ZPBP
The ZPB2 Gene: Its Role in Health and Disease
Introduction
The ZPB2 gene, also known as the zona pellucida glycoprotein B2 gene, plays a crucial role in human reproduction, fertilization, and early embryonic development. In this comprehensive guide, we will explore the ZPB2 gene, its function, associated diseases, and the latest research advancements.
Description
The ZPB2 gene is located on chromosome 1 and codes for a protein that is present in the zona pellucida, the protective layer that surrounds mammalian eggs. The zona pellucida facilitates fertilization by interacting with sperm, allowing only compatible sperm to penetrate the egg.
Associated Diseases
Mutations or variations in the ZPB2 gene have been linked to several reproductive disorders, including:
- Infertility: Mutations in ZPB2 can impair sperm binding and fertilization, leading to infertility in both men and women.
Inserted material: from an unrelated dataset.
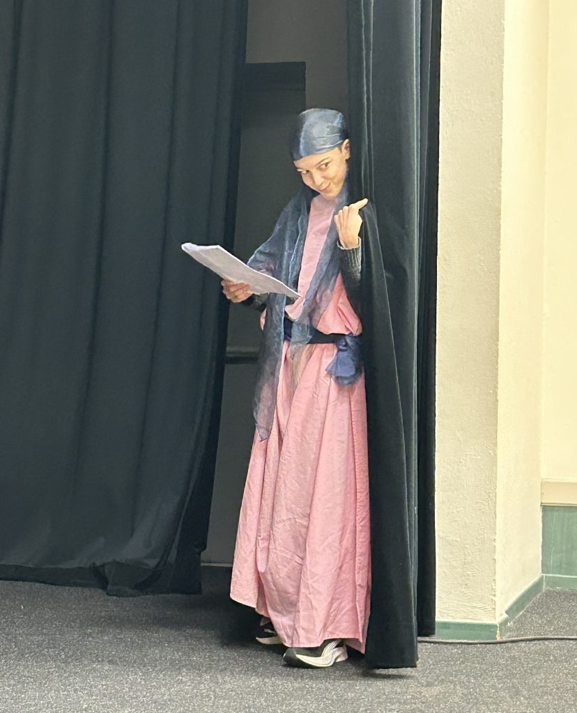 Les élèves incarnaient tour à tour un vieil avare méfiant, un esclave rusé, un jeune amoureux passionné, une jeune fille déterminée, un soldat fanfaron ou encore une voisine curieuse. Pour rendre l’expérience encore plus immersive, chacun était habillé d’un costume romain adapté à son personnage.

- Miscarriage: Some ZPB2 mutations have been associated with an increased risk of miscarriage.
- Abnormal Embryonic Development: ZPB2 plays a role in early embryonic development and mutations in this gene can lead to developmental abnormalities in the fetus.
Did you Know ?
- Studies have shown that mutations in ZPB2 are found in approximately 1-2% of infertile couples.